What is Jupyter Hub?

First Things First… What is Jupyter?

Lately, I’ve been moving into the Python world where I quickly encountered Jupyter notebooks.  They seem like a pretty dominant technology that lets you script python block-by-block and render the results.  You can also render data into charts, manage user-interface widgets, and do most anything else.

What is the Problem With Jupyter?

But Jupyter really just runs on a single machine.  What about when you want to share this information to say, teach a class, or work with a team of data scientists?

So… We Have Jupyter Hub!

Jupyter Hub is a multi-user version of Jupyter… so it fixes our problems! Here I’ll paraphrase content and use images from a wonderful video I watched on YouTube – you can watch it at the bottom of this post if you like.
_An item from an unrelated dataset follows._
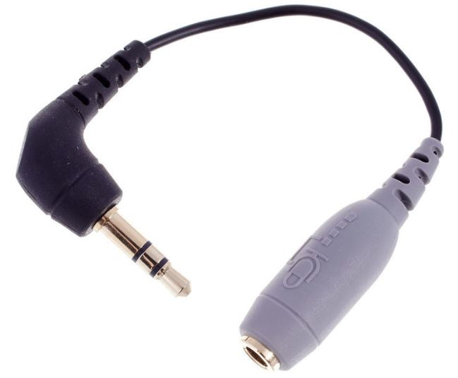 Le CÄBLE RØDE SC3 est un adaptateur blindé d'excellente qualité, conçu pour brancher un smartLav à des dispositifs TRS (3,5mm) comme une caméra ou un enregistreur audio. Les contacts plaqués or ont des codes couleurs et le gris indique l'entrée TRRS.

Basically, Jupyter Hub just provides a higher level service to the standard Jupyter notebooks.  It contains:

  1. A proxy server to route requests.
  2. A “hub” which handles authentication, user details, and spawning new notebooks.  Authentication is flexible and can most likely tie in your corporate authentication system.
  3. Any number of spawned Jupyter processes to run notebooks for the given users.  A variety of spawning techniques exist (e.g. spawning to Docker).

You can see this architecture below.

Image result for jupyter hub

So, if you need multi-user Jupyter, I suggest you look into installing and trying Jupyter hub, and I highly recommend the video below as a starting point!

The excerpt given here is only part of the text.